------ Records supplied ------

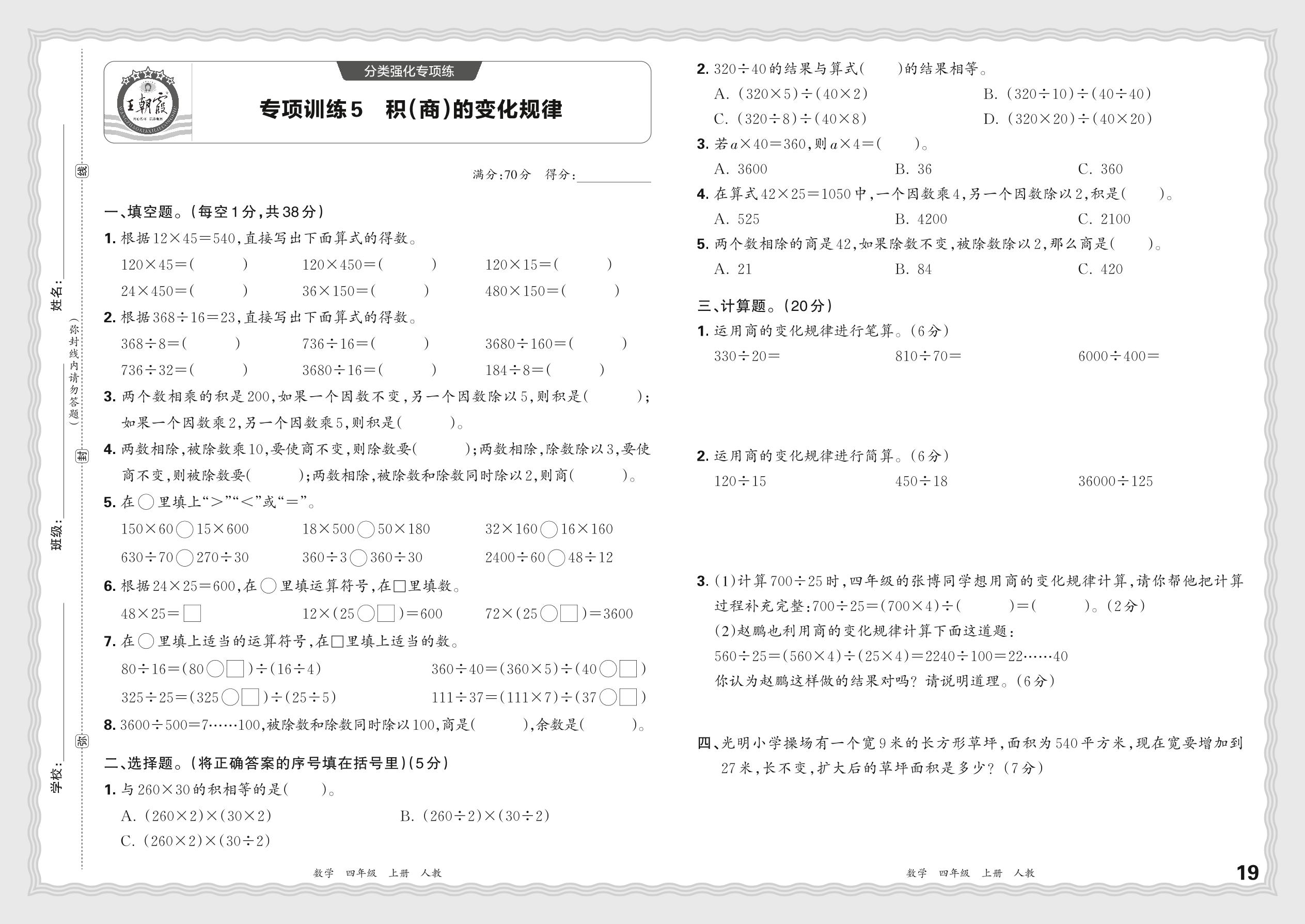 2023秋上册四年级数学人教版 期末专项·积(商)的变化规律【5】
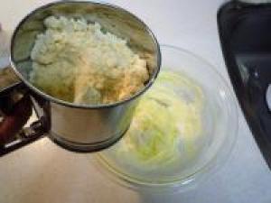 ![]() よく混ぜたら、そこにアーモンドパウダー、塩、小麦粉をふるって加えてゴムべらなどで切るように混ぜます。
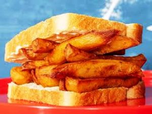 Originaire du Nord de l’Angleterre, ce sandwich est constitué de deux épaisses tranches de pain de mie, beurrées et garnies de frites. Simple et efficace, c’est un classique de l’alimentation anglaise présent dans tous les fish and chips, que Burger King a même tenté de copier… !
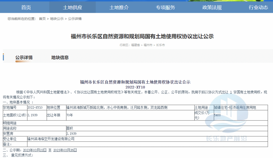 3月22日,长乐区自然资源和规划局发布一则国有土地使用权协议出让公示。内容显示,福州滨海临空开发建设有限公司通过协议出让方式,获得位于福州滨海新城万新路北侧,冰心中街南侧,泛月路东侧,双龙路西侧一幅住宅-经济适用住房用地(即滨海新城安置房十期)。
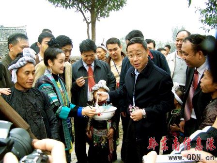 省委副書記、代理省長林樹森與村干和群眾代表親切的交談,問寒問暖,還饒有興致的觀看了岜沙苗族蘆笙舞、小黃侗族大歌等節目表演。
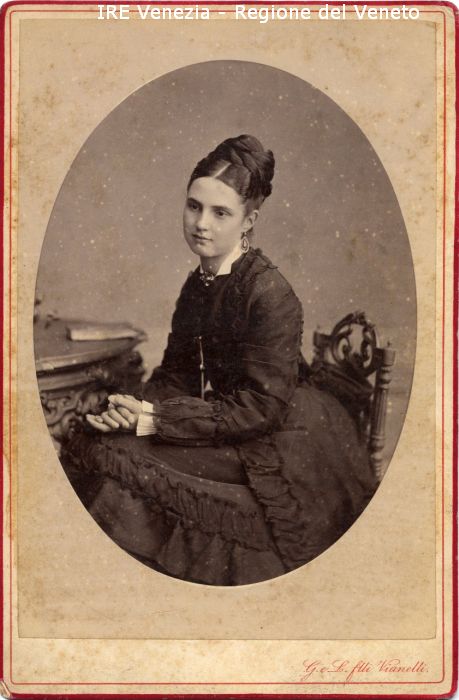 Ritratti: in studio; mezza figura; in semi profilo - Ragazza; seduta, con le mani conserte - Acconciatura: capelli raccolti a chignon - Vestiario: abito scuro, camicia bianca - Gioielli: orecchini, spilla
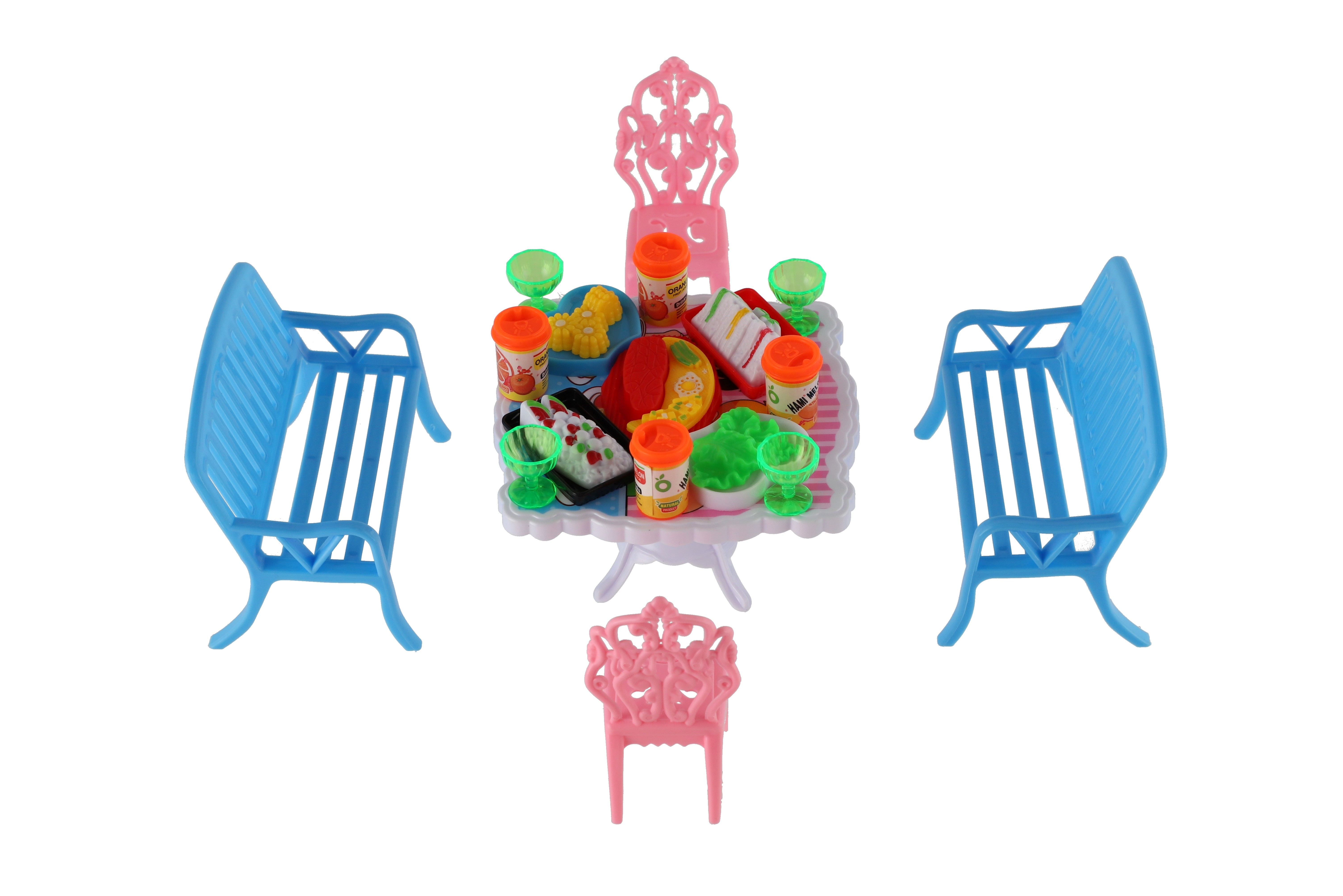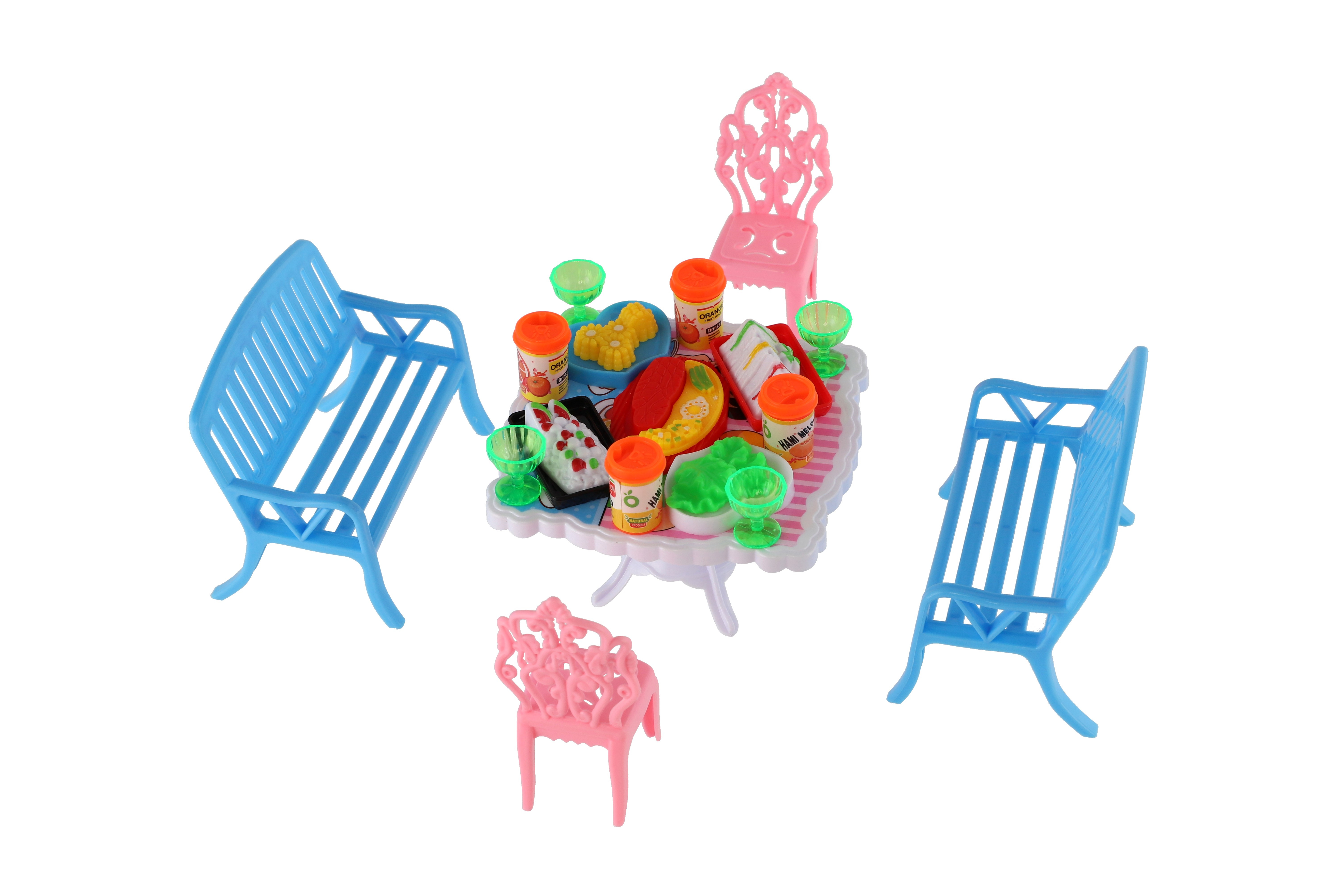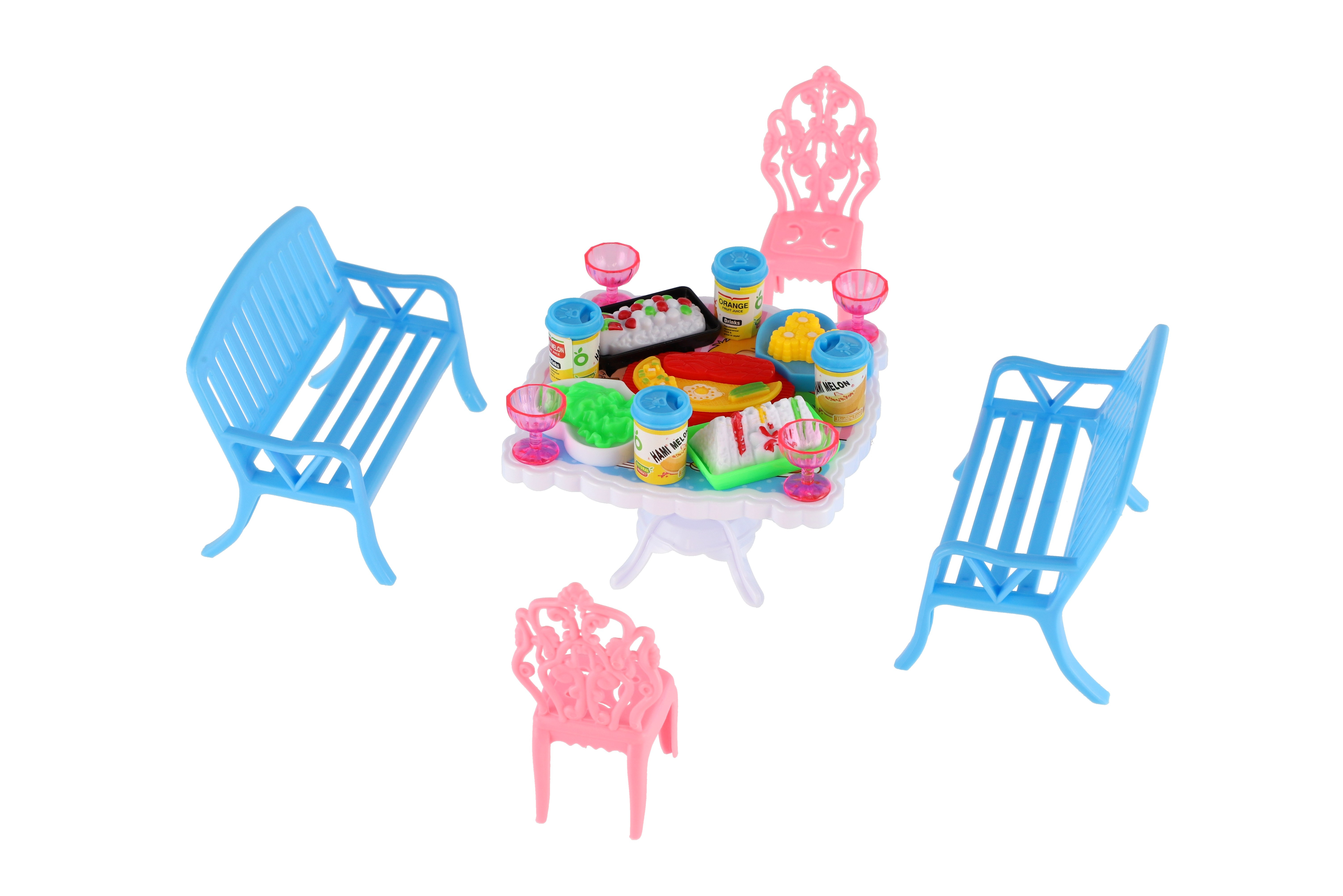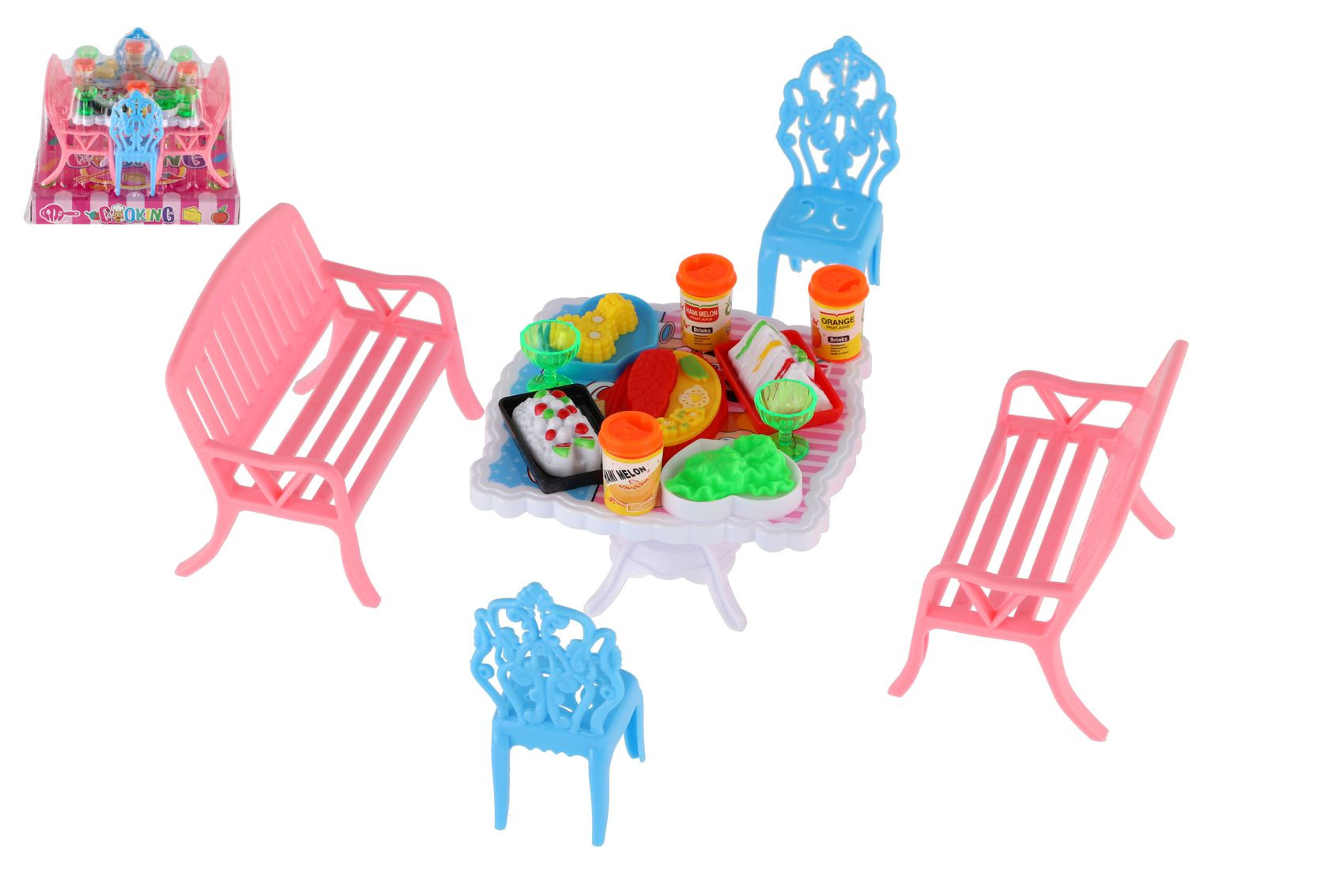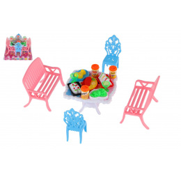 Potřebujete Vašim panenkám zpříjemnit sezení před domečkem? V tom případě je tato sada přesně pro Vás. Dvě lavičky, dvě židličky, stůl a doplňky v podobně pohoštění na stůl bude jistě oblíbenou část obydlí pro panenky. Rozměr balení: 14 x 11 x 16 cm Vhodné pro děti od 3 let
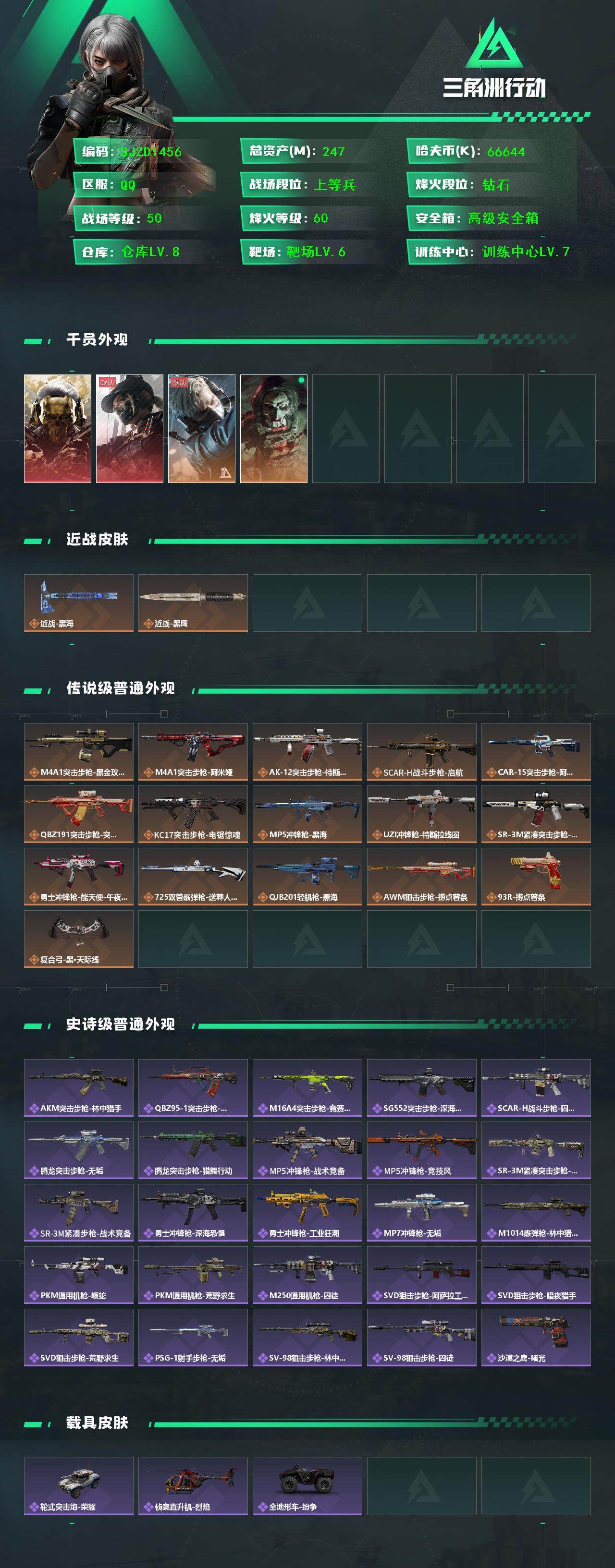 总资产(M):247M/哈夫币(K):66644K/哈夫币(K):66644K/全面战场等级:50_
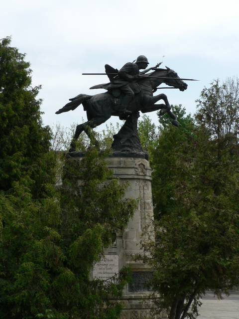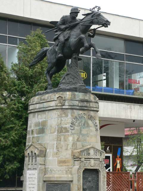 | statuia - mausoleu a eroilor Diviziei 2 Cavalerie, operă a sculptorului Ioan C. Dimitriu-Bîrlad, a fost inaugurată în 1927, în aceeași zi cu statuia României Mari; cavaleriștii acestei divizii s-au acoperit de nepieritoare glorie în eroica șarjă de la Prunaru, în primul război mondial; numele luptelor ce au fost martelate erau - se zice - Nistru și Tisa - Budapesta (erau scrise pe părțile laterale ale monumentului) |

------

◆ The problem: Everything in the records except the pictures should be retyped exactly.

◆ Expected answer:
 2023秋上册四年级数学人教版 期末专项·积(商)的变化规律【5】
 ![]() よく混ぜたら、そこにアーモンドパウダー、塩、小麦粉をふるって加えてゴムべらなどで切るように混ぜます。
 Originaire du Nord de l’Angleterre, ce sandwich est constitué de deux épaisses tranches de pain de mie, beurrées et garnies de frites. Simple et efficace, c’est un classique de l’alimentation anglaise présent dans tous les fish and chips, que Burger King a même tenté de copier… !
 3月22日,长乐区自然资源和规划局发布一则国有土地使用权协议出让公示。内容显示,福州滨海临空开发建设有限公司通过协议出让方式,获得位于福州滨海新城万新路北侧,冰心中街南侧,泛月路东侧,双龙路西侧一幅住宅-经济适用住房用地(即滨海新城安置房十期)。
 省委副書記、代理省長林樹森與村干和群眾代表親切的交談,問寒問暖,還饒有興致的觀看了岜沙苗族蘆笙舞、小黃侗族大歌等節目表演。
 Ritratti: in studio; mezza figura; in semi profilo - Ragazza; seduta, con le mani conserte - Acconciatura: capelli raccolti a chignon - Vestiario: abito scuro, camicia bianca - Gioielli: orecchini, spilla
 Potřebujete Vašim panenkám zpříjemnit sezení před domečkem? V tom případě je tato sada přesně pro Vás. Dvě lavičky, dvě židličky, stůl a doplňky v podobně pohoštění na stůl bude jistě oblíbenou část obydlí pro panenky. Rozměr balení: 14 x 11 x 16 cm Vhodné pro děti od 3 let
 总资产(M):247M/哈夫币(K):66644K/哈夫币(K):66644K/全面战场等级:50_
 | statuia - mausoleu a eroilor Diviziei 2 Cavalerie, operă a sculptorului Ioan C. Dimitriu-Bîrlad, a fost inaugurată în 1927, în aceeași zi cu statuia României Mari; cavaleriștii acestei divizii s-au acoperit de nepieritoare glorie în eroica șarjă de la Prunaru, în primul război mondial; numele luptelor ce au fost martelate erau - se zice - Nistru și Tisa - Budapesta (erau scrise pe părțile laterale ale monumentului) |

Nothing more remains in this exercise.